Citi Center Complex, which is about 7,000 square meters in area, used to be privately owned. Stalls were built inside, which were supposed to be rented to vendors.
The stalls, however, were closed down in 2000 when the vendors failed to pay rent. In 2004, the entire complex was forfeited in favor of the city government after its owners failed to pay taxes.
Community rising
Since no one was occupying the center, urban poor families and even those from other provinces started to settle in and live there.
Over the years, the city complex has turned into a center of sex and drug trade. Sex workers live in makeshift rooms.
Among them is Myrna, who transferred to Citi Center Complex from a boarding house.
She said sex workers like her would spend four to six hours each night waiting for customers. Pimps would bring three to four customers a night.
Although now 47 years old, Myrna continues to work in the flesh trade, acknowledging her age has forced her to accept smaller payments.
She said that sometimes, she gets only P30 to do a “hand job.” But if customers are hard to come by, Myrna accepts laundry work.
“If I could, I would want to go home,” she said. “I don’t know where to go. When I go back to Leyte, I don’t know if my family is still there,” said Myrna who doesn’t have children and remains unmarried.
Drug users also frequent Kamagayan to buy Nubain and shabu. Some rent rooms at Citi Center Complex where they consume the drugs.
Lawyer Mauro Licen, PDEA Central Visayas legal officer, said illegal drugs were rampant in Barangay Kamagayan because of the village’s location.
“These drug users and dealers occupy shanties and they are building a community that has their own alarm system,” he said. “So it’s really hard to penetrate. The suspects are hard to capture,” he added.
Another reason authorities are having difficulty shutting the illegal business down is the involvement of minors.

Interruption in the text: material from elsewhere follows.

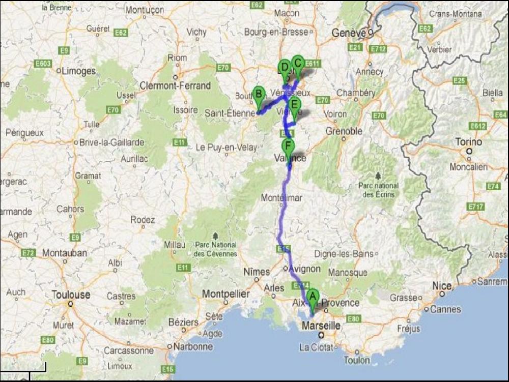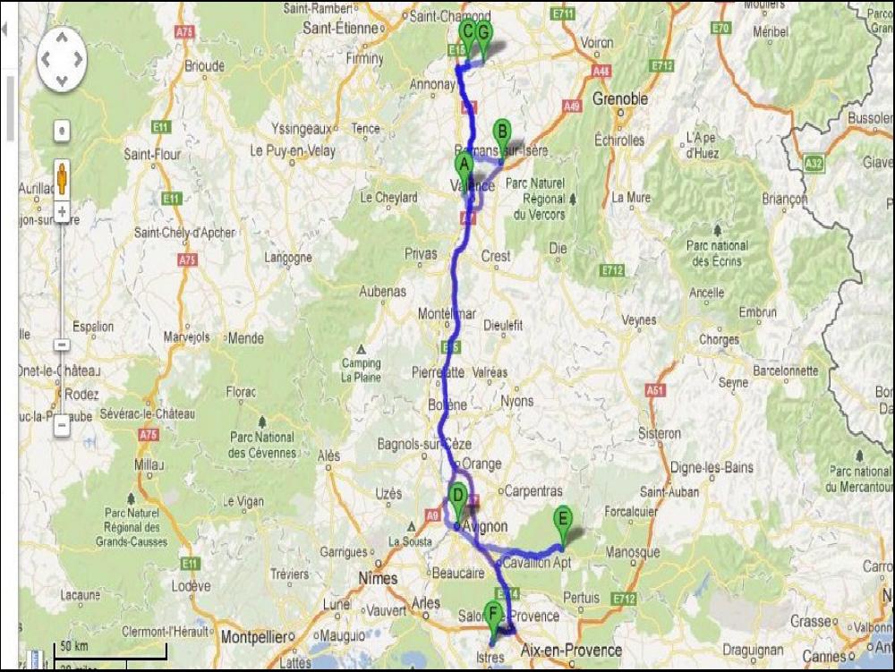 Quasi une heure pour poser 2 palettes, mais les 2 quais de recepetion étaient pris, c'est pas dramatique. Je sors vite de la cité des papes plein EST pour rejoindre le Lubéron et la bonne ville d'APT, au passage à Coustellet j'attrape mon père avec moi que je vois pas souvent et je fais l'aller retour avec lui, histoire de papotter un peu. J'ai pas le temps de trainasser, malgré tout car il me faut aller charger dans un joyau de l'univers logistique à Miramas. Une incroyable ville dans la campagne d'ou rentrent et sortent des centaines de camions par jour, mais dont l'accès se résume à une route étroite et defoncée quand on sort de l'A54, j'ai jamais pigé pourquoi ! Il me faudra quand même une heure pour charger, en plus je tombe sur un célèbre journaliste de la presse qui roule encore pour arrondir ses fins de mois, et décidement, on sera jamais sur la même longueur d'ondes.

Children are being used as drug couriers as confirmed by the arrest on July 7 of two girls—ages 15 and 13—in a buy-bust operation. They were caught selling Nubain.
Since they are minors, the girls had been turned over to the Department of Social Welfare and Development.
“That’s really our setback,” said Senior Supt. Conrado Capa, regional police deputy director for operations.
Search for solutions
Councilor Cuenco asked the police and the military to set up checkpoints against the transport of drugs.
He also recommended the installation of closed-circuit television cameras around the area.
His colleagues in the city council, however, opposed the proposals, saying they could violate the rights of other residents in the area who have nothing to do with illegal activities there.
“There are also many decent residents in the barangay,” said Councilor Sisinio Andales.
Vice Mayor Edgar Labella, head of the city’s Police Coordinating and Advisory Council, said City Hall wanted to demolish the Citi Center stalls and develop the area into a housing site for city employees and qualified occupants.
“The planned development is expected to get rid of illegal activities that now flourish in the area and hopefully get rid of the bad image of Barangay Kamagayan,” he said.
But the city is still looking for funds for the project.
Avila admitted that clearing Citi Center Complex would be the best way to stop illegal activities there.
At least 300 residents of the complex filed a petition in court to stop their eviction unless the city gives them a relocation site. The local court dismissed the petition in June 2013.
Collin Rosell, head of the city’s Department for the Welfare of the Urban Poor, said an eviction notice was issued in July to 96 families occupying Citi Center.
After the complex is demolished, he said illegal settlers who qualify for relocation would be allowed to build temporary structures in the area until the housing project for them and city government employees is finished.